TSMC Chairman Morris Chang is many things. He's an MIT alumnus, and a Stanford PhD graduate. He's a man known for choosing his words, to which the semiconductor industry listens. As the founder of the world's biggest outsource chip manufacturer, Chang has instilled in the Taiwanese company a U.S.-like paranoia for intellectual property protection and technological secrecy.
What Chang is not, is brash or foolhardy.
So when Taiwan Semiconductor Manufacturing Co. this week signed an investment agreement with a municipal government in China -- a country notorious for IP leakage and lax enforcement of trade secrets -- you can be sure Chang didn't make the decision lightly.
At its site in Nanjing, which it expects to open by the end of 2018, TSMC will make chips using one of its most advanced production technologies. That technology, at a manufacturing scale of 16 nanometers (smaller is better), is the same as the Taiwanese company uses today in making Apple's chips for iPhones and iPads.
Admittedly, the technology will no longer be cutting edge by the time it's in use at TSMC's shiny new $3 billion factory. So why then did TSMC decide to set up shop in a country where rivals have tried, and succeeded, in stealing its secrets?
``We aim to provide closer support to customers as well as expand our business opportunities in China in step with the rapid growth of the Chinese semiconductor market over the last several years," TSMC said in Monday's statement.
That China's chip industry is growing is a truism. Consumption of semiconductors in the world's largest PC and smartphone market continues, while the country's ability to manufacture those chips has been unable to keep pace:
So, on the surface, that line about providing ``closer support to customers'' seems to make sense. Well, not really.
TSMC gets 69 percent of its revenue from North America via the industry's biggest names, including Apple, Qualcomm, Broadcom, Nvidia and even Intel. Yet, its presence in the U.S. is limited to one 20-year-old factory while most of the cool stuff is being done in Taiwan.

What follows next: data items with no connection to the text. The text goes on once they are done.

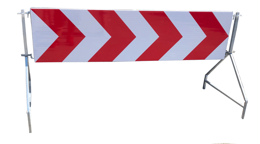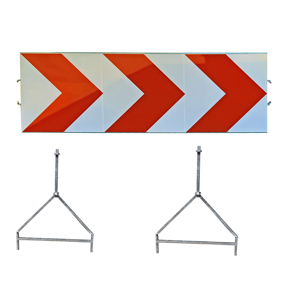 Zestaw: tablica prowadząca U-3 L-1800 (1800×600 mm) + 2 stojaki – montaż na haki, 1 TYP (RA1), 3 czerwone strzały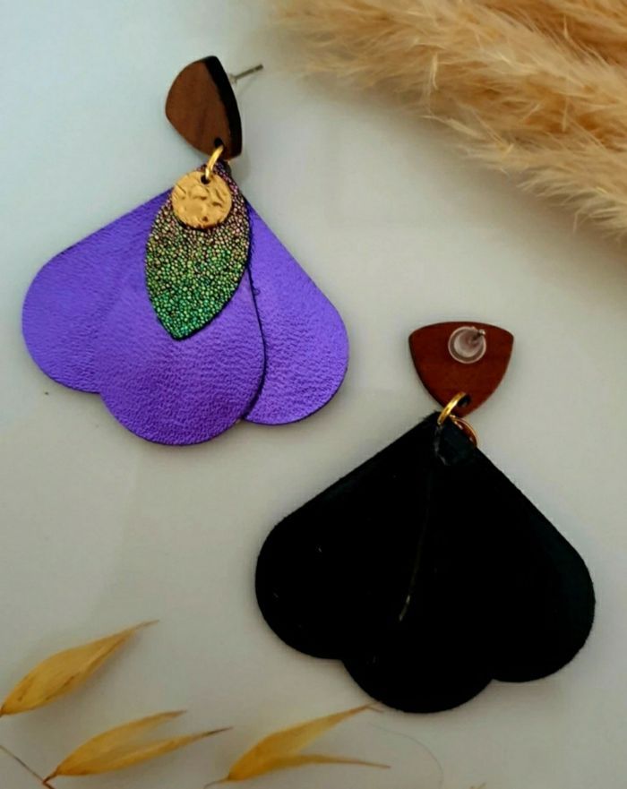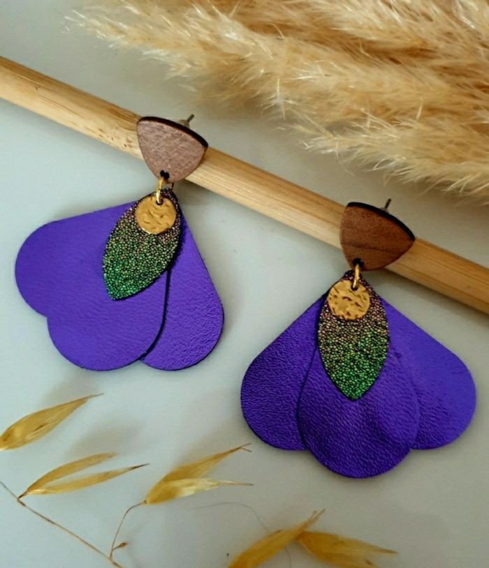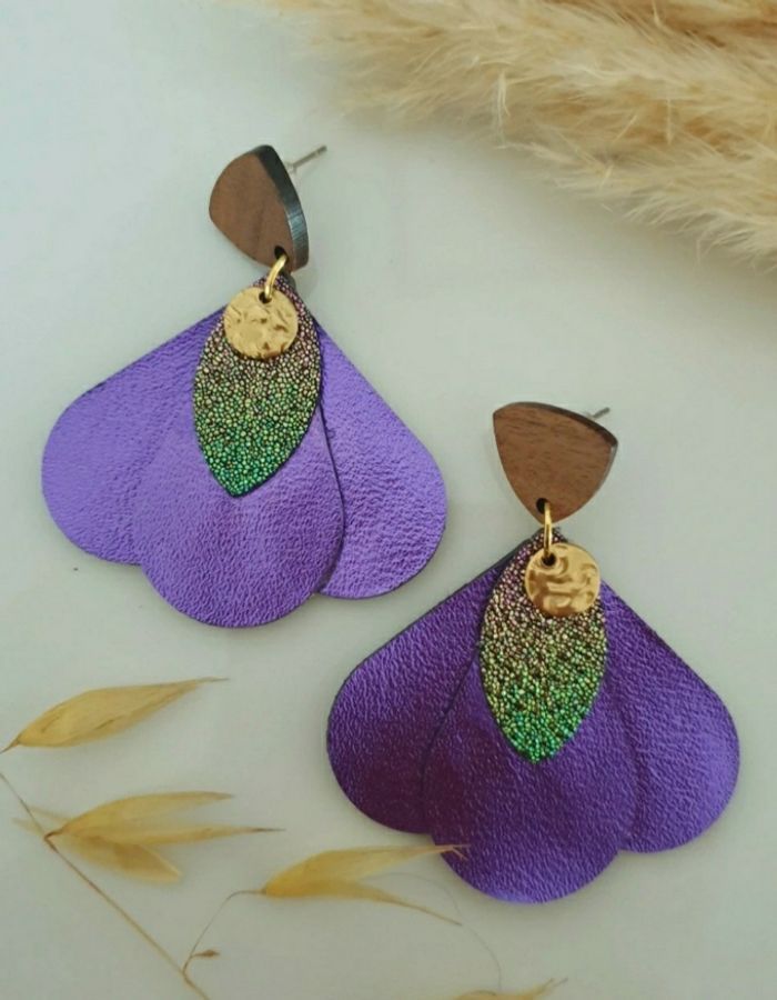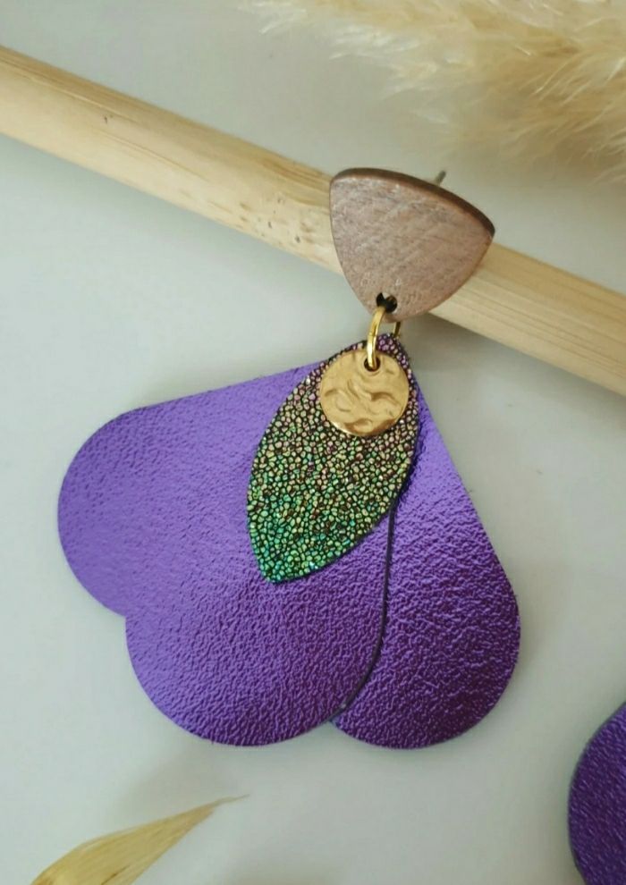 Boucles d'oreilles pendantes avec pampilles en cuir violet métalisé et similicuir pailleté montées sur des attaches en bois de noyer avec tige en acier inoxydable Longueur environ 5cm Bijou de création ✋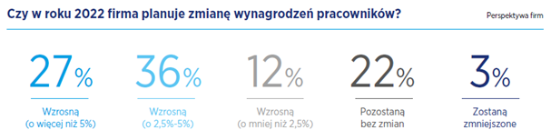 Należy oczekiwać, że w roku 2022 powszechny brak satysfakcji z wynagrodzenia, dla pracodawców będzie oznaczał większą presję płacową i potencjalne trudności w pogodzeniu ograniczeń budżetowych z oczekiwaniami pracowników. Otrzymanie podwyżki w perspektywie roku 2022 przewiduje 36 proc. specjalistów.

With TSMC controlling more than half of the market, not being close to customers doesn't seem to have been a disadvantage. Indeed, with Chinese clients' contribution to sales barely budging, it's hard to make a case that there is a pressing need to be close to them.
TSMC is no Foxconn, either, so moving to China won't help costs. In fact, TSMC CFO Lora Ho admitted in January that ``the cost in China will be still higher than Taiwan'' while scale will be smaller.
The reality for TSMC is that, all things being equal, spending $3 billion on a factory in China doesn't make economic sense. Only a small portion of its Chinese clients -- who design chips to rival Qualcomm et al. -- will even have the capabilities to take advantage of TSMC's 16-nanometer technology when it does become available.
But China doesn't play equal, and TSMC has recognized this. Before it would consider a move to China, it first needed to convince the Taiwanese government to relax an arcane rule preventing local chip makers from setting up new, wholly owned factories across the Taiwan Strait. Under the old law, TSMC would have been forced to jump into bed with a local partner, something that the Taiwanese government soon realized wasn't a great idea.
What TSMC also recognized is that building a local chip industry is of critical importance to the Chinese government, so much so that it's willing to cut outsiders from the market.
``We say that with some degree of assurance from the authorities, some degree of assurance that building a plant there will indeed enhance our access to the Chinese market," Chang told investors in January. ``And reversely, not building a plant there will not enhance."
At the same investor conference, the 84-year-old also backed away from an earlier pledge to grow revenue 10 percent annually for the next few years. Not getting access to China, where growth remains relatively brisk, is a risk he can't take.
It's not only TSMC that needs access. Qualcomm is among clients facing its own troubles in China and getting its most-advanced chips made in-country would go a long way toward placating authorities there.
Chang is famous for anticipating, and meeting, the needs of his global customers, who can't risk being excluded from China either. It's not the carrot of a huge Chinese market that's prompting TSMC's $3 billion bet, but the stick of being frozen out.
This column does not necessarily reflect the opinion of Bloomberg LP and its owners.
By way of comparison, SMIC, a TSMC rival and arguably China's most-advanced contract chipmaker, has yet to get even 1 percent of its revenue from a technology TSMC first released almost five years ago.
In one of the industry's great ironies, SMIC was caught stealing TSMC secrets and ordered to pay reparations. Because SMIC lacked the cash to pay up, TSMC in 2009 became an unlikely (and unwilling) SMIC shareholder.
If TSMC wants to fill that factory, it may even need to get U.S. clients to agree to have their chips made in Nanjing, despite the risk of IP leakage.